## Goal of the exercise:
Only one stretch of the listing below is wanted. Give it again exactly, from the line with "Testa troppo grande rispetto al corpo" through the line with "Masako adalah seorang".

## Dataset:
%%
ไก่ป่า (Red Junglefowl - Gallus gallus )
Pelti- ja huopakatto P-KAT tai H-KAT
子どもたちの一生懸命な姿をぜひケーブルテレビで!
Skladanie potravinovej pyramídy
%%
%%
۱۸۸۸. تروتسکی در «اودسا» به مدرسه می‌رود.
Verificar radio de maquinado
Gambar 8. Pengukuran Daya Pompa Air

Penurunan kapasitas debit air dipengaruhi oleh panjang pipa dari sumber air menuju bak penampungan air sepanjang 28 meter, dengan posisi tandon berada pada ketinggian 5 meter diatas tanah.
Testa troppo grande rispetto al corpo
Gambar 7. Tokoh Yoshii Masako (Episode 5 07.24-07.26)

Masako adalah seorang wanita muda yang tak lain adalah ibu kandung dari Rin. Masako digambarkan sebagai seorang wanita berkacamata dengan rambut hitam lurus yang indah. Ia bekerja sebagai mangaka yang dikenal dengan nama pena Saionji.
%%
## Written solution:
Testa troppo grande rispetto al corpo
Gambar 7. Tokoh Yoshii Masako (Episode 5 07.24-07.26)

Masako adalah seorang wanita muda yang tak lain adalah ibu kandung dari Rin. Masako digambarkan sebagai seorang wanita berkacamata dengan rambut hitam lurus yang indah. Ia bekerja sebagai mangaka yang dikenal dengan nama pena Saionji.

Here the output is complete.